I’m reminded of this as I see people calling the Facebook outage a “DNS problem”. Facebook’s networks dropped out of BGP routing. That means there’s no route to their DNS server, so you get a resolution failure. It doesn’t mean there’s a DNS problem. Any more than it means there’s an IP or routing problem — I’m sure it’s all working as designed and either someone screwed up a config change or someone didn’t screw up and was trying to drop them off the Internet.

Saw much the same thing back when Egypt dropped off of the Internet back in 2011 — their routes were withdrawn from the routing tables. That’s an initiated process — maybe accidental, but it’s not the same as a bunch of devices losing power or a huge fiber cut.

And, when there’s no route you can use to get there … if DNS, web servers, databases, etc are working or not becomes moot.

Diffing two strings

Yes, I know md5sum has a “-c” option for checking the checksum in a file … but, if I was going to screw with a file, I’d have the good sense to edit the checksum file in the archive!

 

#!/bin/bash
#STRFILE=dead.letter
#STRCHECKMD5=5f3748d9c653b78c9ee7559acd423652
#STRMD5=`md5sum $STRFILE`

STRFILE=$1
STRCHECKMD5=$2

STRMD5=`md5sum $STRFILE`

diff -s <( printf '%s\n' "$STRCHECKMD5 $STRFILE" ) <( printf '%s\n' "$STRMD5" )

It’ll either output the file hash and the hash to match (a problem) or indicate the files are identical (a good thing)

DNF — What Provides This File?

“Dependency hell” used to be a big problem — you’d download one package, attempt to install it, and find out you needed three other packages. Download one of them, attempt to install it, and learn about five other packages. Fifty seven packages later, you forgot what you were trying to install in the first place and went home. Or, I suppose, you managed to install that first package and actually use it. The advent of repo-based deployments — where dependencies can be resolved and automatically downloaded — has mostly eliminated dependency hell. But, occasionally, you’ll have a manual install that says “oh, I cannot complete. I need libgdkglext-x11-1.0.so.0 or libminizip.so.1 … and, if there’s a package that’s named libgdkglext-x11 or libminizip … you’re good. There’s not. Fortunately, you can use “dnf provides” to search for a package that provides a specific file — thus learning that you need the gtkglext-libs and minizip-compat packages to resolve your dependencies.

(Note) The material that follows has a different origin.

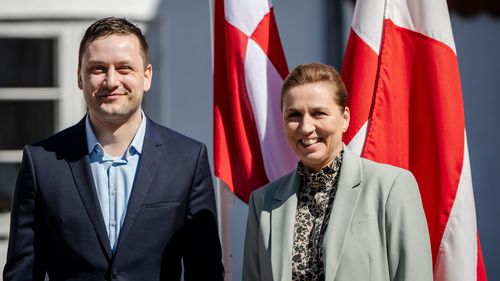 Denmark’s Prime Minister Mette Frederiksen, right, and Greenland’s Prime Minister Jens-Frederik Nielsen. (AP)

Microsoft’s 1601 Time Base

Microsoft uses the number of 100-nanosecond intervals since 01 January 1601. Why? No idea. But I’ve had to deal with their funky large integer for a DateTime value as long as I’ve been working with AD. I’ve written functions to turn it int something useful, but that’s a lot of effort when I see a lockoutTime and need to know how recent that is. Enter w32tm which has an “ntte” switch — this allows me to readily tell that the lockout was at 3:01 today and something I need to be investigating.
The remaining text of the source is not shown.